## Required work
The response should consist of the data below, copied exactly, with no pictures in it.

## Supplied material
═══
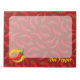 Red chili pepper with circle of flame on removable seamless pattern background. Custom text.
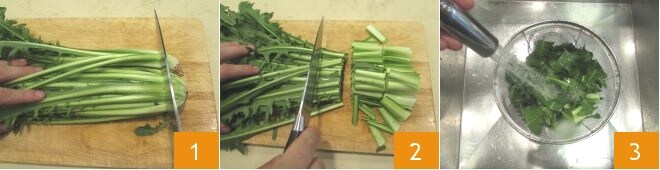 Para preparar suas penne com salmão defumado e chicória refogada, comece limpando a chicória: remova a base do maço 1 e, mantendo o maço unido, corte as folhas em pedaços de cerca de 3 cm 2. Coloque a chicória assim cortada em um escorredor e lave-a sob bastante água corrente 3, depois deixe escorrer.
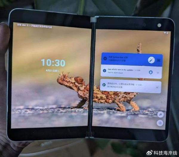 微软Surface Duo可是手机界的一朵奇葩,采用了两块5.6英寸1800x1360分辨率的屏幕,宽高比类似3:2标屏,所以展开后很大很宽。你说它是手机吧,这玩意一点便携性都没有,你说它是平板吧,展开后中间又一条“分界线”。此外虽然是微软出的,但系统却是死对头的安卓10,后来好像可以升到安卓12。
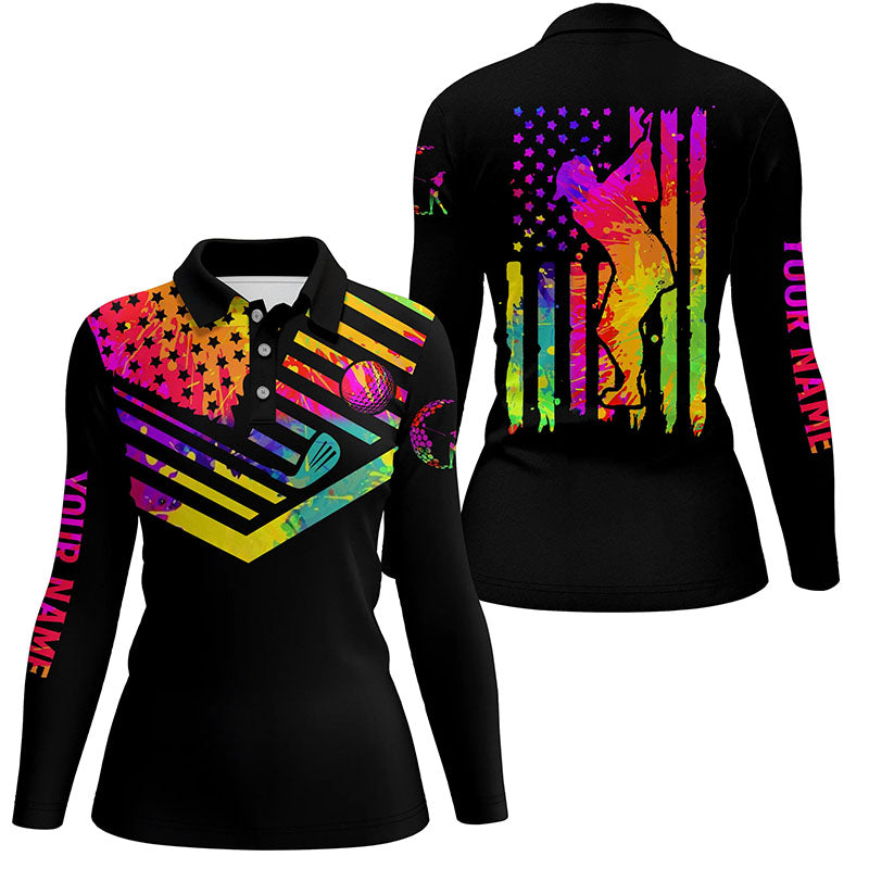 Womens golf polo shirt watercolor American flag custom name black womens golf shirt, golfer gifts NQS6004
═══
## Exercise response
 Red chili pepper with circle of flame on removable seamless pattern background. Custom text.
 Para preparar suas penne com salmão defumado e chicória refogada, comece limpando a chicória: remova a base do maço 1 e, mantendo o maço unido, corte as folhas em pedaços de cerca de 3 cm 2. Coloque a chicória assim cortada em um escorredor e lave-a sob bastante água corrente 3, depois deixe escorrer.
 微软Surface Duo可是手机界的一朵奇葩,采用了两块5.6英寸1800x1360分辨率的屏幕,宽高比类似3:2标屏,所以展开后很大很宽。你说它是手机吧,这玩意一点便携性都没有,你说它是平板吧,展开后中间又一条“分界线”。此外虽然是微软出的,但系统却是死对头的安卓10,后来好像可以升到安卓12。
 Womens golf polo shirt watercolor American flag custom name black womens golf shirt, golfer gifts NQS6004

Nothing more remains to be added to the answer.